19. Maydeline.
Mi día comenzó de mal en peor. Primero me despierto tarde y para colmo está lloviendo durísimo, luego recuerdo que me toca limpiar la cocina de La Casa Blanca, que es gigante, después me corté el dedo con el cuchillo y ahora me duele toda la mano. Por suerte no es nada grave, solo una pequeña herida en el dedo meñique que cubrí con una bandita.
Sin embargo, todo seguía empeorando, es jueves, por lo tanto, debía limpiar la histórica y costosa vajilla presidencial.
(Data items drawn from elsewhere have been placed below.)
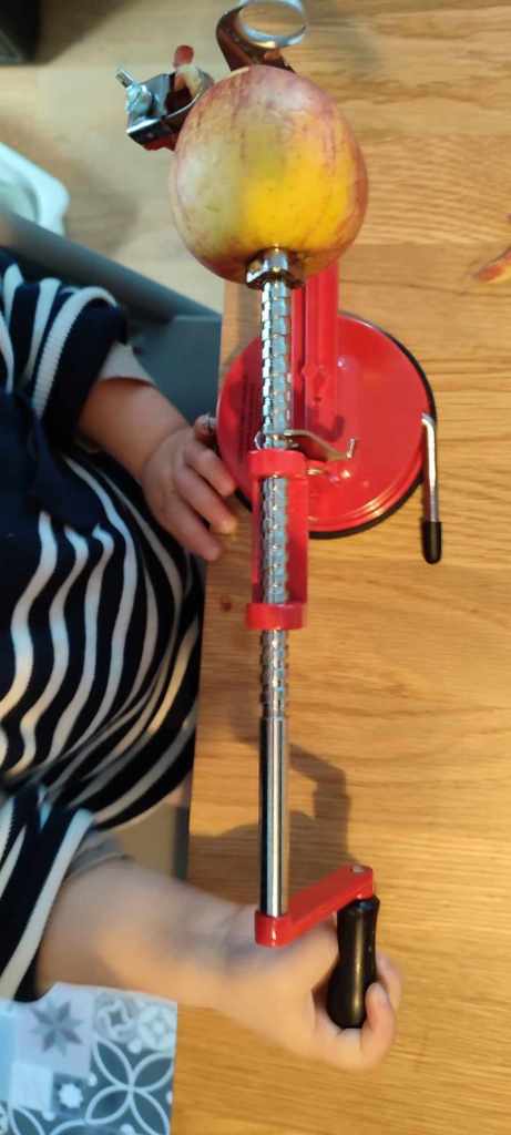 Si vous souhaitez vous équiper avec un pèle-pommes celui que j’ai fait très bien l’affaire. Mon « presque 2 ans » l’utilise facilement. Il pèle et découpe les pommes (mais aussi poire, pommes de terre, etc…). C’est celui-ci : pèle-pommes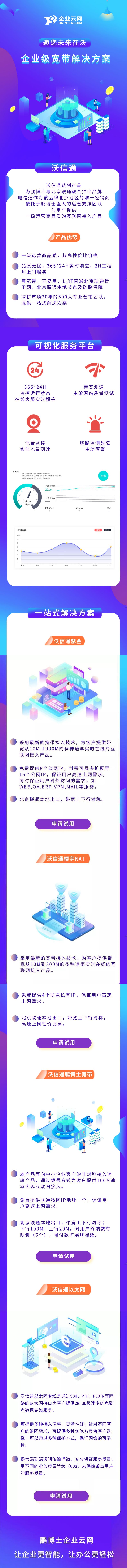 在此高要求下,鹏博士企业云网与北京联通联合推出沃信通品牌,电信通作为该品牌北京地区的唯一经销商,依托于鹏博士强大的运营支撑团队为用户提供一级运营商品质的互联网接入产品。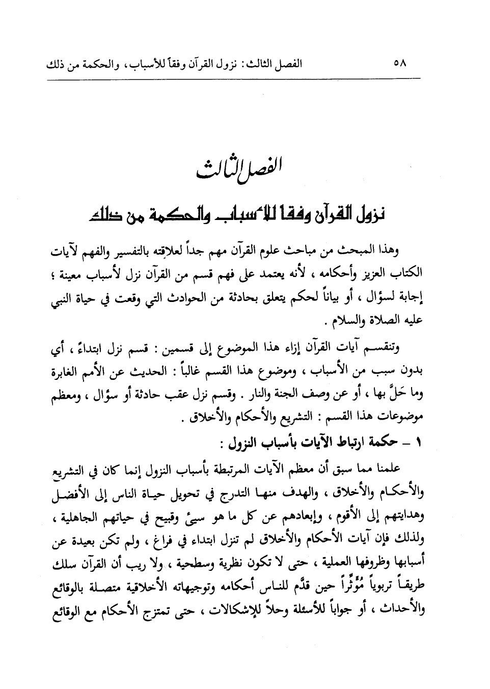 الفصل الثالث نزول القرآن وفقا للأسباب والحكمة من ذلك

Ay, que emoción. Puff, podría morir justo ahora. Por suerte, ya tenía la mitad de las piezas completamente limpias y organizadas en su lugar. Solo me faltaban los cubiertos que no eran frágiles, así que no debía preocuparme por si se me caía alguno.
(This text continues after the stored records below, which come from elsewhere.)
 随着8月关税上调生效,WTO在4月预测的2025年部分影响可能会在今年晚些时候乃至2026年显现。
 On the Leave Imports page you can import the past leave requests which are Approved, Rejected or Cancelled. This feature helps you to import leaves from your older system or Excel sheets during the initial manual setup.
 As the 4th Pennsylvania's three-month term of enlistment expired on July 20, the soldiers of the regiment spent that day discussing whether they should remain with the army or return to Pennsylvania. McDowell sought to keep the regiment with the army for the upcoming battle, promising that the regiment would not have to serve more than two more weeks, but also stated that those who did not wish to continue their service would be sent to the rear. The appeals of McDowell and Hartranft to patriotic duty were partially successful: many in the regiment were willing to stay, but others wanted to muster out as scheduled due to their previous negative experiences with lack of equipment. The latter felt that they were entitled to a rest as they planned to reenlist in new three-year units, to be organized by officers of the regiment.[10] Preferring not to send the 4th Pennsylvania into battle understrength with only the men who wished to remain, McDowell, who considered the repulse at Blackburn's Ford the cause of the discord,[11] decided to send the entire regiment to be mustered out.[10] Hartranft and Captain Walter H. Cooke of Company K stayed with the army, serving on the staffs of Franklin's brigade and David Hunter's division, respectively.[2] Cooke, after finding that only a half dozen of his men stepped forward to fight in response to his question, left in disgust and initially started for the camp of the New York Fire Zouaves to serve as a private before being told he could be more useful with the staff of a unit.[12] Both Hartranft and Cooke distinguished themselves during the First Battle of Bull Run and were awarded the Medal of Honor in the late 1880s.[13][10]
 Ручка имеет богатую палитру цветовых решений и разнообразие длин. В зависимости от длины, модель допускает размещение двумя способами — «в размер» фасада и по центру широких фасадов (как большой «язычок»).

Mi teléfono sonó cuando estaba por comenzar a limpiar otra vez.
—¿Sí? —cuestioné sin ver quién era, sosteniendo el aparato entre mi oreja y mi hombro.
—¿Maydeline Allen?
—Sí, soy yo —murmuro, frunciendo un poco el entrecejo.
—Le hablamos de la prisión del distrito —me tensé casi al instante—. Le llamamos para informarle que el señor Rodrigo Allen se encuentra en cirugía de emergencia.
Mierda. Mierda. Mierda.
—Ehm, ¿por qué está en cirugía? ¿Le pasó algo malo? —cuestioné rápidamente.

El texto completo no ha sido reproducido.